→ PROBLEM: Set down all of the entries below exactly, and omit the pictures.

→ DATA RECORDS:
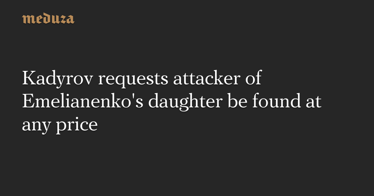 Chechen President Ramzan Kadyrov has requested that the perpetrators of the attack on the daughter of Russian mixed martial arts fighter Fedor Emelianenko be found at any price and punished to the fullest extent of the law.
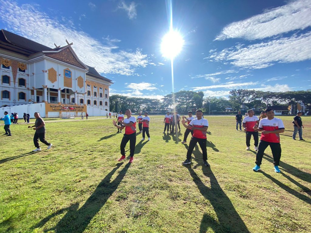 Senam bersama ini dimulai dengan pemanasan ringan yang dipimpin oleh instruktur senam profesional. Peserta senam, yang terdiri dari aparat pemerintahan, TNI, Polri, serta berbagai perwakilan organisasi, mengikuti gerakan-gerakan senam dengan penuh semangat. Acara ini berlangsung meriah dan diiringi dengan musik yang energik, menambah semangat para peserta.
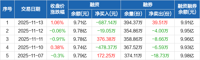 沪深300ETF:融资净偿还687.14万元,融资余额9.71亿元(11-13)
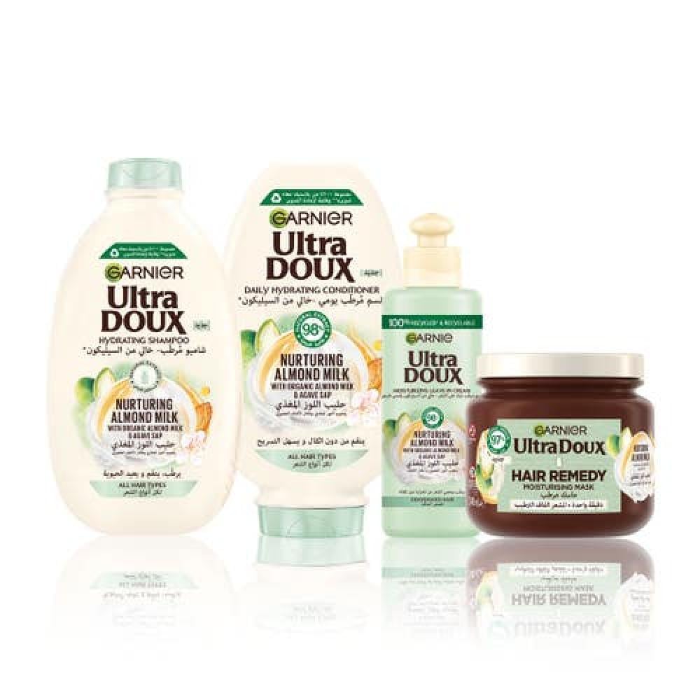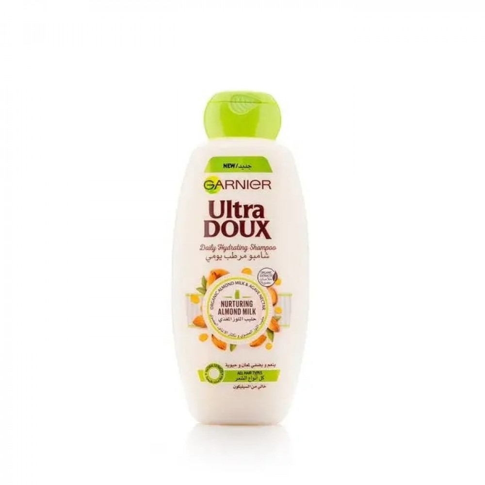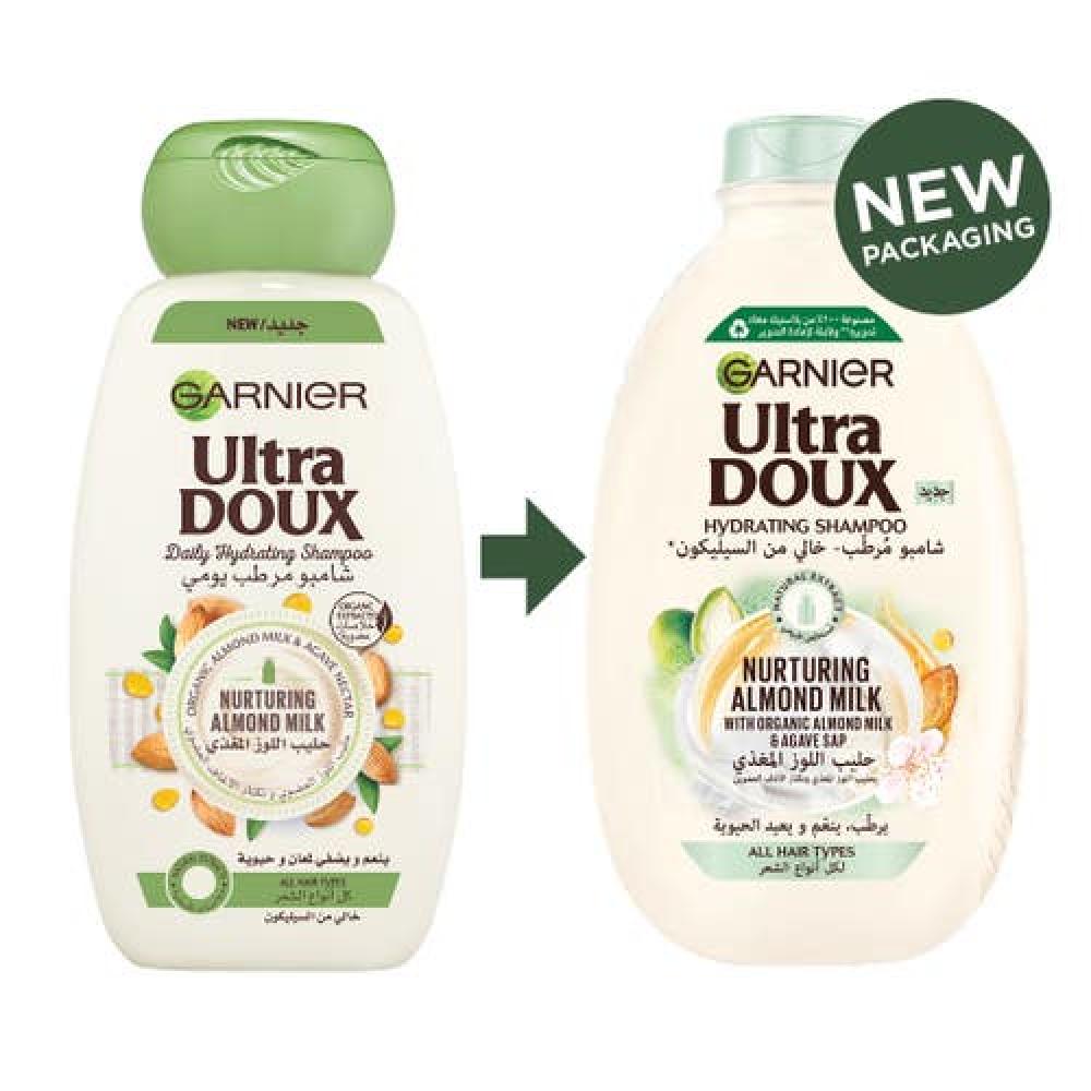 غارنييه الترا دو شامبو حليب اللوز المغذي يجمع حليب اللوز العضوي: كنز غذائي حقيقي لترطيب الشعر بعمق من دون إثقاله، و نكتار الأغاف: يلقب "بالعسل الجديد"، فمثل العسل هو خفيف و صحي
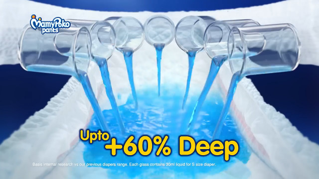 Best 12 hours absorbent pants ever in MamyPoko product history in India has +60% Deep Absorbent CrissCrosswith extra 3rd layer that absorbs urine deeply and provides 2x protection for thigh leakage without sogginess whole night so baby & mother can sleep deeply whole night".

→ RESPONSE AREA:
 Chechen President Ramzan Kadyrov has requested that the perpetrators of the attack on the daughter of Russian mixed martial arts fighter Fedor Emelianenko be found at any price and punished to the fullest extent of the law.
 Senam bersama ini dimulai dengan pemanasan ringan yang dipimpin oleh instruktur senam profesional. Peserta senam, yang terdiri dari aparat pemerintahan, TNI, Polri, serta berbagai perwakilan organisasi, mengikuti gerakan-gerakan senam dengan penuh semangat. Acara ini berlangsung meriah dan diiringi dengan musik yang energik, menambah semangat para peserta.
 沪深300ETF:融资净偿还687.14万元,融资余额9.71亿元(11-13)
 غارنييه الترا دو شامبو حليب اللوز المغذي يجمع حليب اللوز العضوي: كنز غذائي حقيقي لترطيب الشعر بعمق من دون إثقاله، و نكتار الأغاف: يلقب "بالعسل الجديد"، فمثل العسل هو خفيف و صحي
 Best 12 hours absorbent pants ever in MamyPoko product history in India has +60% Deep Absorbent CrissCrosswith extra 3rd layer that absorbs urine deeply and provides 2x protection for thigh leakage without sogginess whole night so baby & mother can sleep deeply whole night".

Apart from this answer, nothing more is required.